Which model for which job
| Use case | Pick | Why |
|---|---|---|
| Agentic coding (mobile/full-stack apps) | GLM 5 | Leads GLM 4.6 in androidnative (1244 vs 1097), fullstack (1190 vs 1098), and mobileapps (1222 vs 1186) Elo |
| Game dev / Godot workflows | GLM 5 | godotgamedev Elo 1237 (rank #3) vs GLM 4.6's 1219 (rank #7) |
| High-volume batch text generation | GLM 4.6 | Input price is 28% lower ($0.4429/M vs $0.618/M on OpenKey) |
| UI component / website generation | GLM 5 | uicomponent Elo 1287 vs 1214, website Elo 1290 vs 1217 |
| Need token-level probability output | GLM 5 | Only GLM 5 supports `logprobs` and `top_logprobs` parameters |
| Long-context document work | Either | Both share the identical 202,752-token context window |
Questions
- Is GLM 5 worth the extra cost over GLM 4.6?

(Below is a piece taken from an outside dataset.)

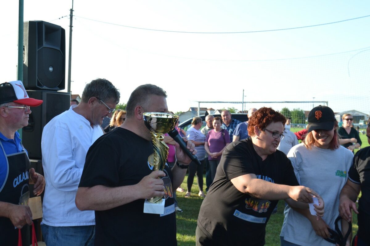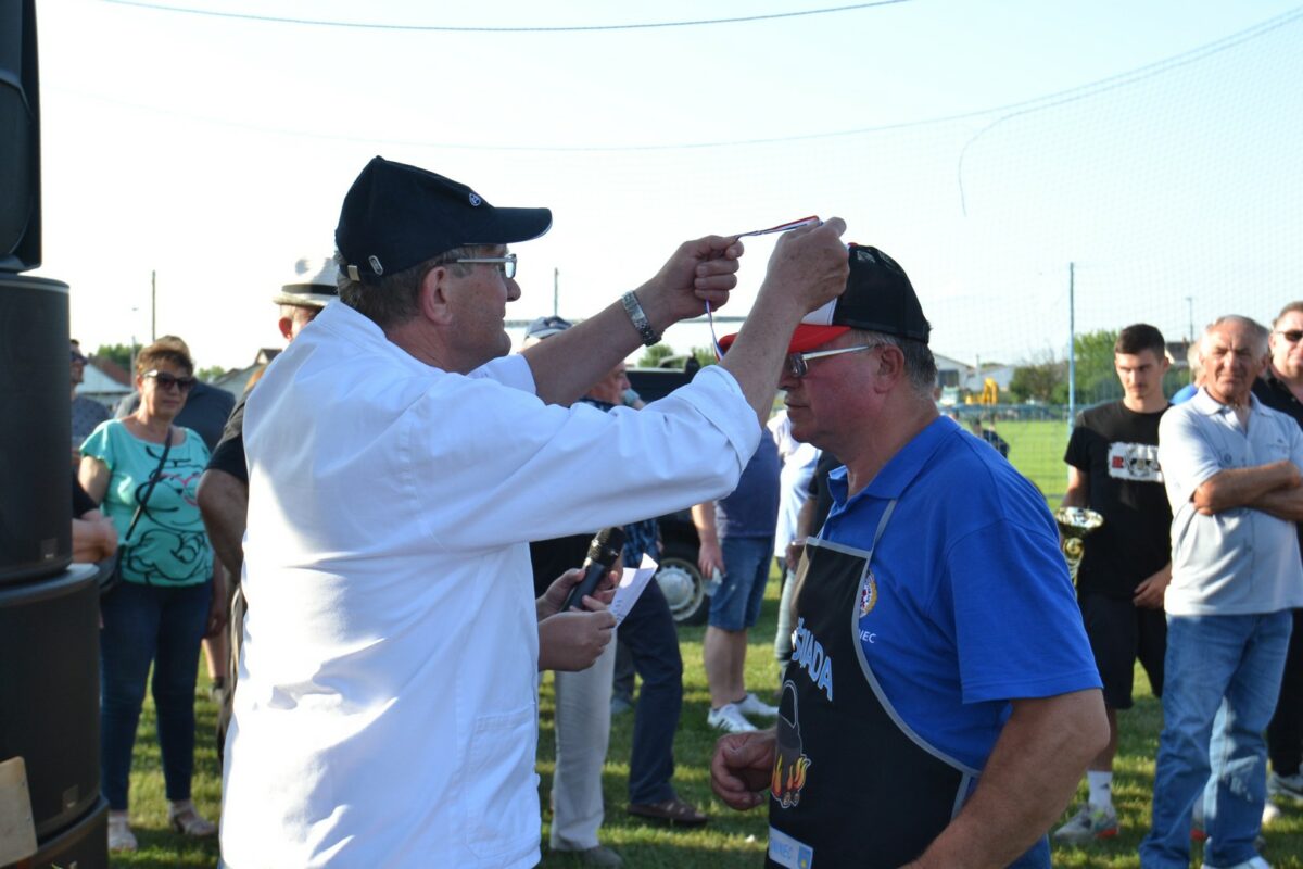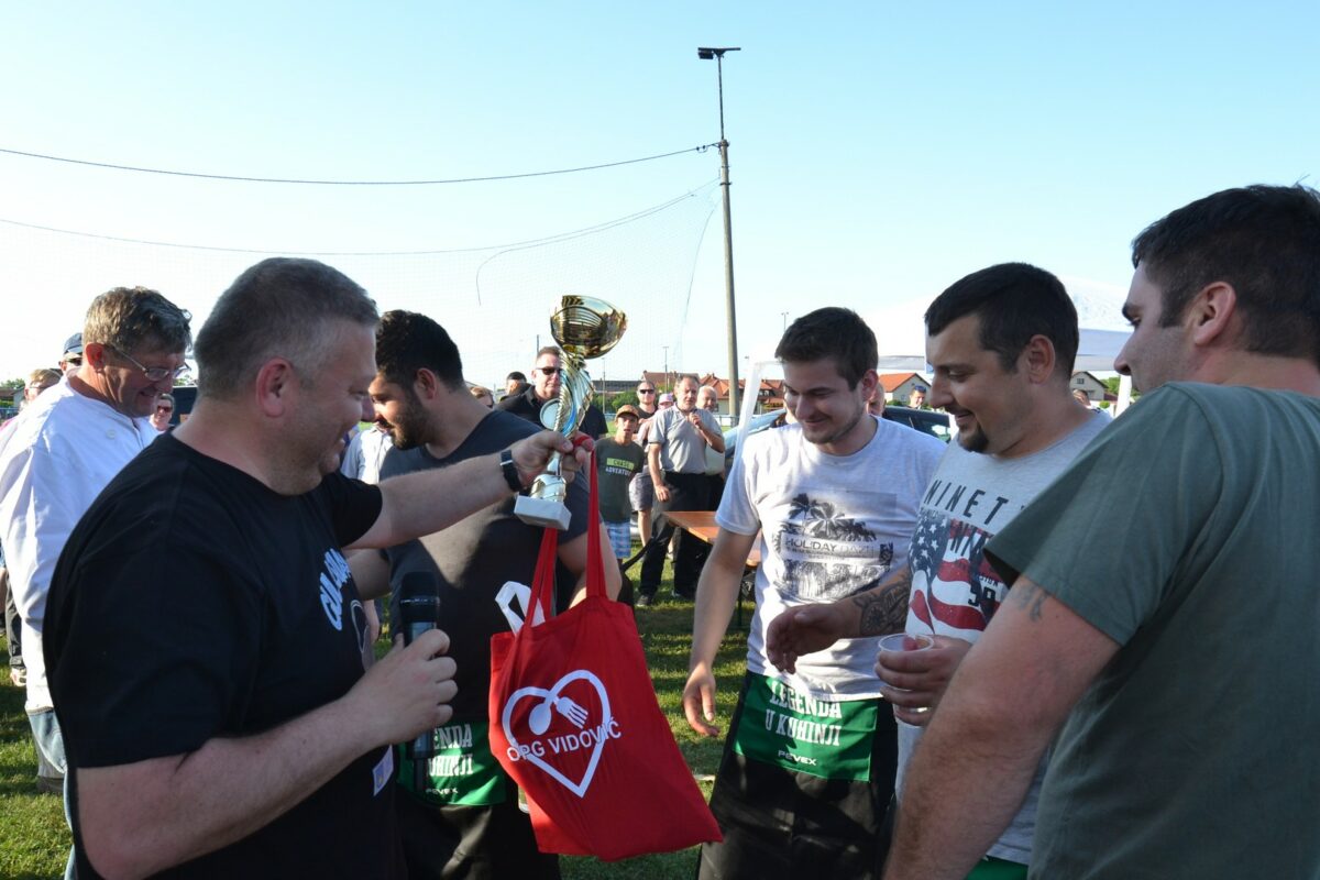 Prvo mjesto osvojila je “Puljić ekipa” (vođa Marko Puljić), drugo mjesto Karlo Žganec i pomoćnici, a treće OŠ Strahoninec (vođa Josip Šipek). Uz medalje za sudjelovanje, pobjednička ekipa iz ruku načelnika Franje Lehkeca primila je pehar, meso z tiblice i tablu špeka, druga ekipa meso z tiblice i tablu špeka, a treća 2 kilograma kobasica. Mesne delicije poklon su OPG-a Vidović.

- For coding and agent tasks, yes. GLM 5 wins all 11 shared Design Arena categories, with a 147-point Elo gap in androidnative (1244 vs 1097). The cost difference on a 10M-input/2M-output workload is $9.84 vs $7.78 — about $2.06 more, which is small relative to the capability gap.
- Do GLM 4.6 and GLM 5 have the same context window?
- Yes, both support 202,752 tokens of context (context_ratio: 1.0). GLM 4.6 caps output at 131,072 tokens; GLM 5's max output isn't documented in the catalog data, so check current provider docs before relying on a specific limit.
- How much more expensive is GLM 5 per token?
- GLM 5's input price is $0.618/M on OpenKey ($0.60 provider price × 1.03) versus GLM 4.6's $0.4429/M ($0.43 × 1.03) — GLM 4.6's input price is 72% of GLM 5's. Output is closer: $1.9776/M vs $1.7922/M.
- Does GLM 5 use reasoning by default?
- Yes — GLM 5 has default_enabled reasoning, while GLM 4.6's reasoning is optional and not mandatory. Both models support the `reasoning` parameter, but GLM 5 turns it on unless you explicitly disable it, which can affect latency and output token counts.